HOW TO COMPLETE THIS TASK>
In the data below, begin at the line with "バスルームはガラス張りで、湯舟につかりながら英虞湾が望めます。" and stop after the line with "Lithographie Einsiedeln, Maria"; output those lines exactly and no pictures.

PROVIDED INFORMATION>
**********
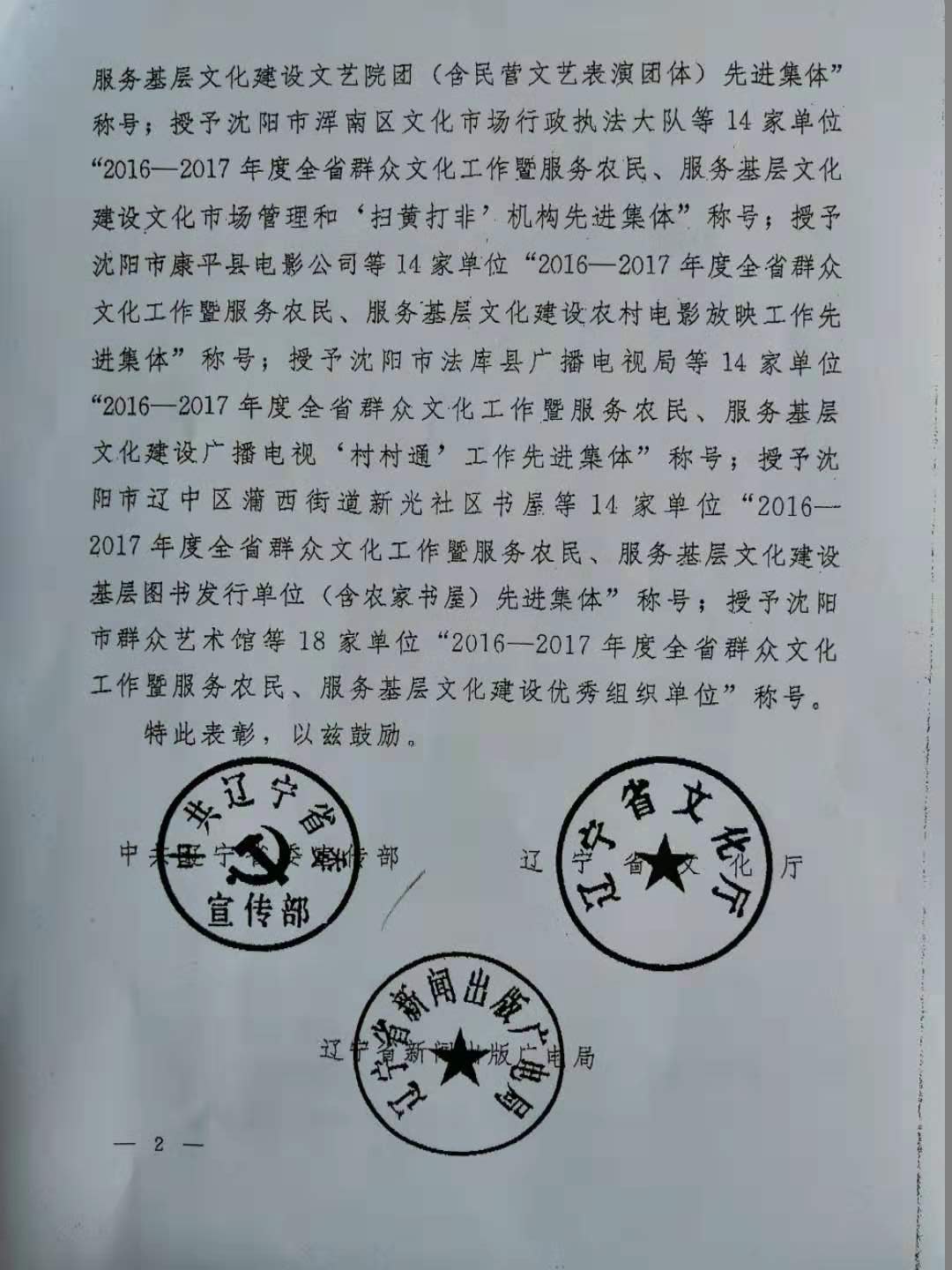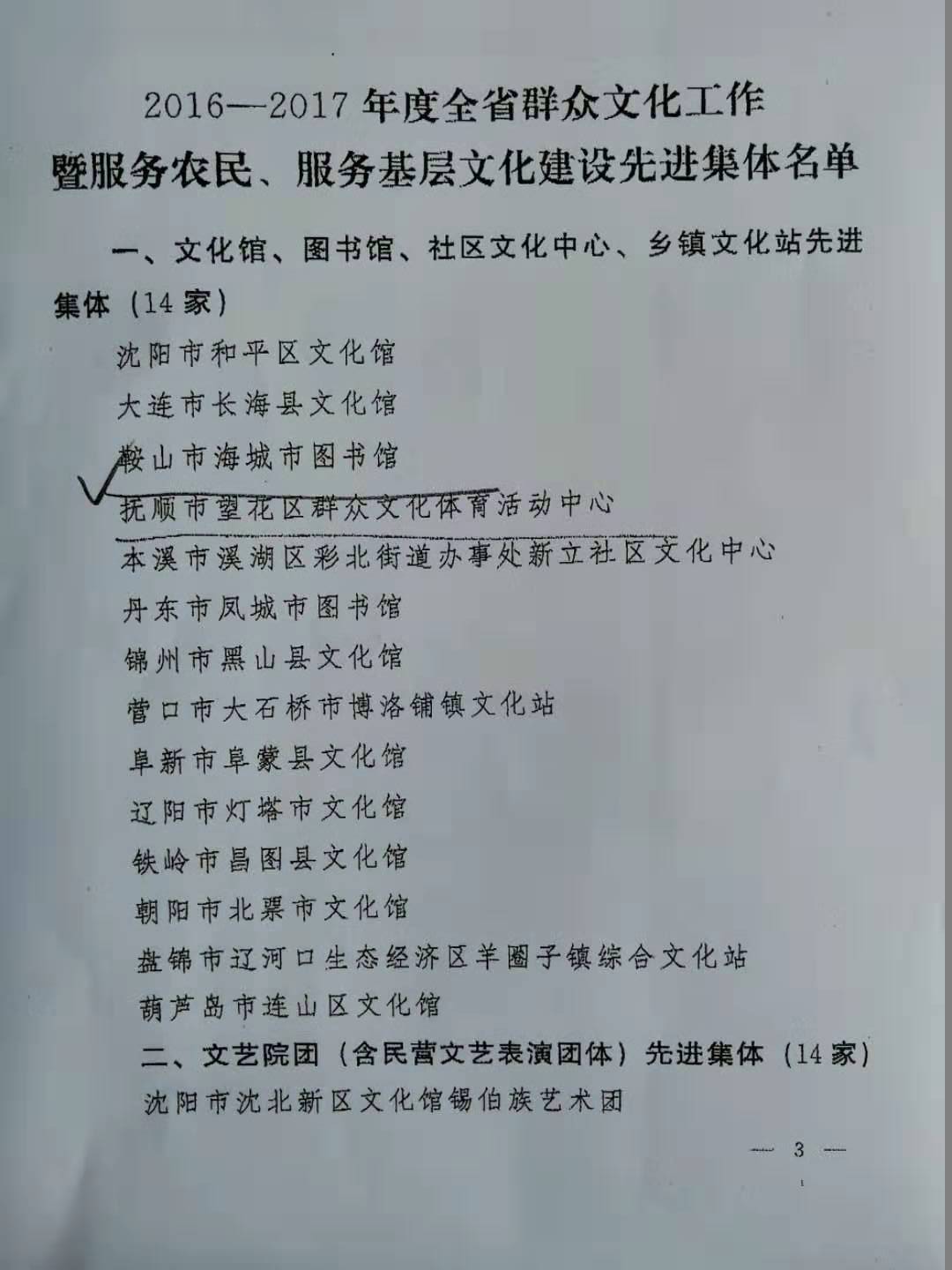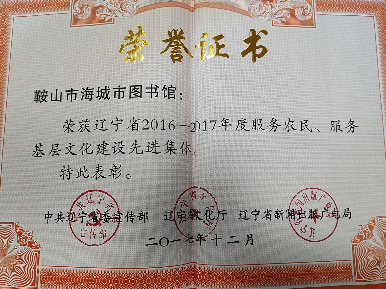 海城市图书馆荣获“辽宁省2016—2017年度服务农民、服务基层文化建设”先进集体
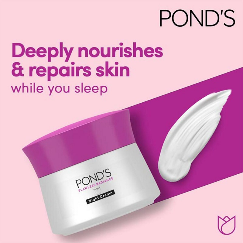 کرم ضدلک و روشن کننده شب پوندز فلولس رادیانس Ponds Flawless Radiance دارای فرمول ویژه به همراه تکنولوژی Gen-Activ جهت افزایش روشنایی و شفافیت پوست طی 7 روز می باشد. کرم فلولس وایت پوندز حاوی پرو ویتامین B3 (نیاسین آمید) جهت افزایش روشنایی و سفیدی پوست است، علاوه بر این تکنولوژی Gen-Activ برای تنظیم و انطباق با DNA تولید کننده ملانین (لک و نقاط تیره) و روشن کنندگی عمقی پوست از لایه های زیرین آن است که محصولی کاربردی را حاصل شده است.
**********
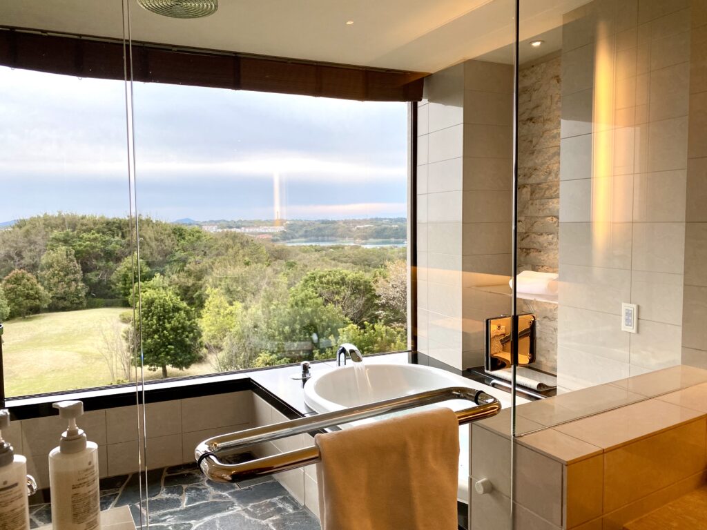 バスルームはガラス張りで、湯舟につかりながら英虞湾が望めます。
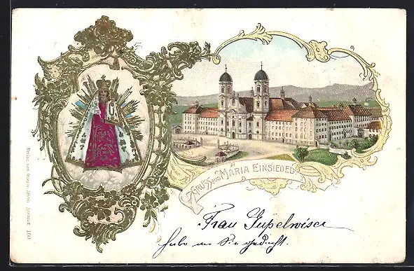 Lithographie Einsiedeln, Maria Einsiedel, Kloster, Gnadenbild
**********
PROBLEM SOLUTION>
 バスルームはガラス張りで、湯舟につかりながら英虞湾が望めます。
 Lithographie Einsiedeln, Maria Einsiedel, Kloster, Gnadenbild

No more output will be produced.